The danger of turning the presidential election into Palin v. Obama was that if Miss Alaska implodes, the disaster ahead for the Repubs will be far worse than the dignified defeat they were looking at two weeks ago. One hesitates to predict anything this year given the nonstop surprises, but enough creaks can be heard already to suggest that the ice holding up the Arctic Lady may be about to develop some serious crevasses.
I particularly like this from Bloomberg that the McCain campaign has invented crowd-size numbers out of whole cloth. So maybe the massive turnouts to see the wondrous, teleprompter-reading Sarah P are a hoax. How droll.
Or there’s this revelation in Saturday’s Washington Post that Supermom’s study tour to Ireland—a key state in complex international political issues, in case you didn’t know—was actually an airport layover. (I’m not making this up.) Ditto her ‘trip’ to Iraq, which apparently was a quick stop at a Kuwait military base. Oh well, those Ay-rab countries all look alike.
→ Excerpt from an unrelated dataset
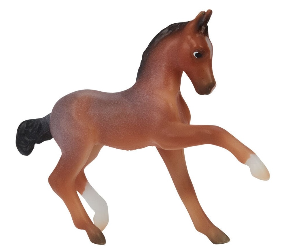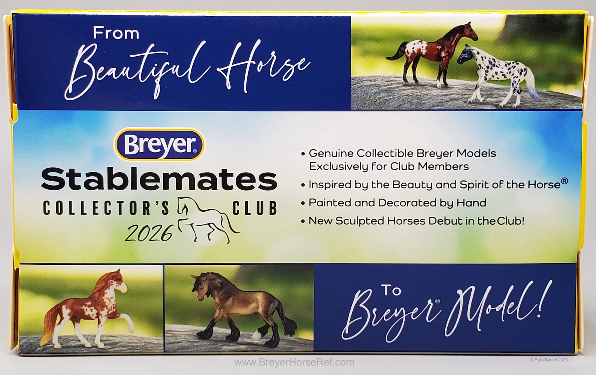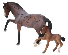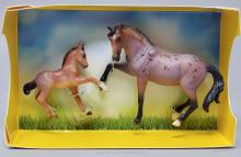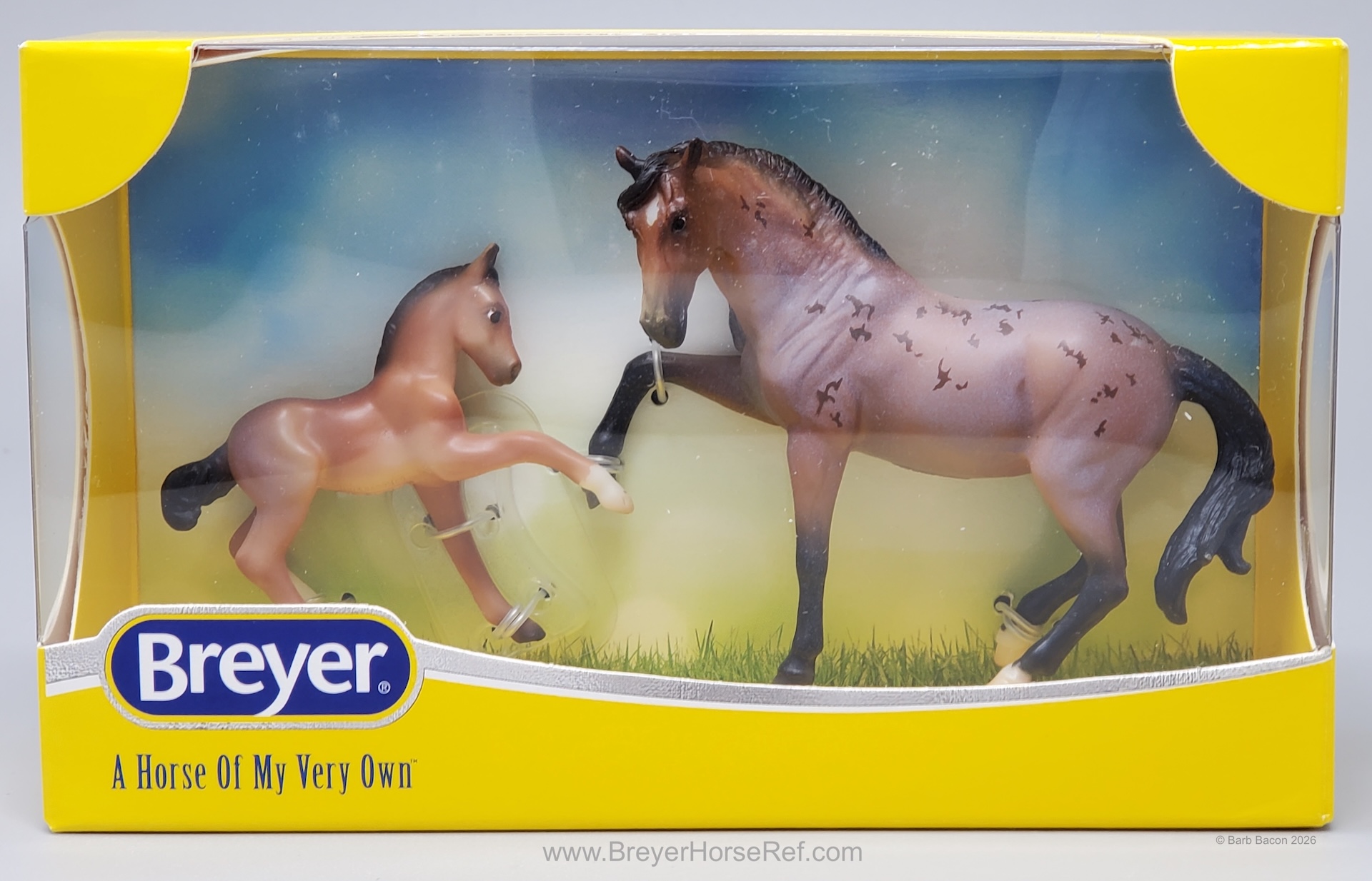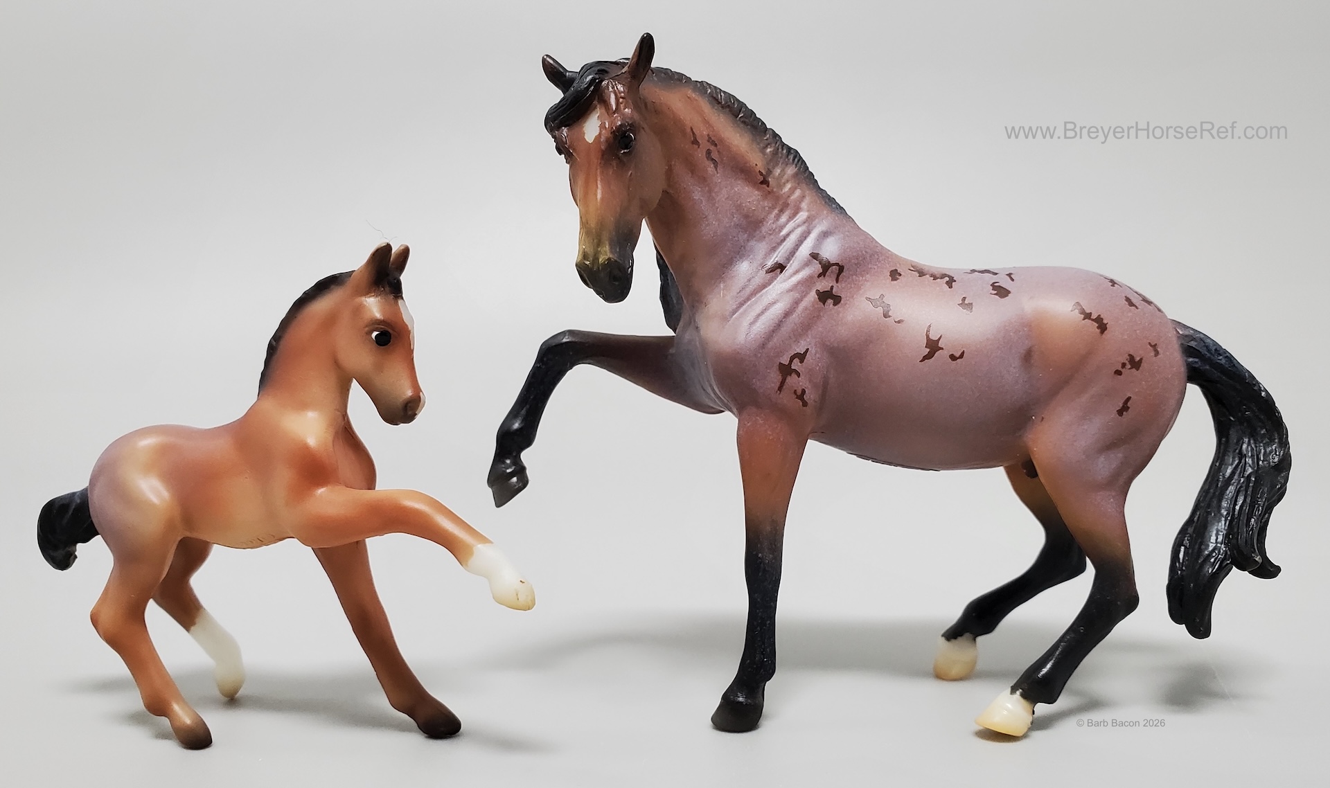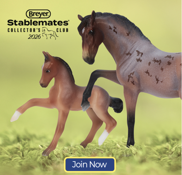 "A delightful pair of Mustangs is joining the 2026 Stablemates Club lineup! Bay roan stallion Arroyo is father to frisky filly Baja, who perfectly emulates her sire's personality. Arroyo's detailed coat includes dark "battle scar" markings from a lifetime of defending his herd, and Baja is painted as an accurate "baby" bay roan." www.breyerhorses.com.
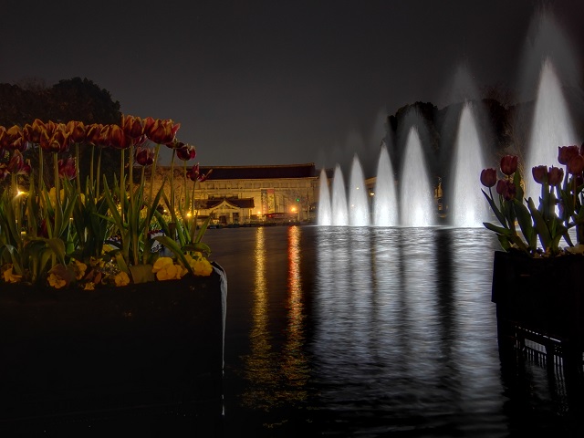 さぁ、暗いしもう帰ろうか…と駅に向かう最中、大噴水が動いているのを発見。

Pile these juicy teasers onto the baldfaced lies about the Bridge, the earmark fantasy, the steady leaks about her unlovely leadership style, unanswered Troopergate questions and who knows what all else that we can’t even imagine yet, and I dare to wonder if we are not about to witness a cataclysmic meltdown. I plan to call it The Garden of Earthly Delights. Heironymus Bosch hell will be nothing to the pain McCain will suffer if he comes to regret his two-week wonder.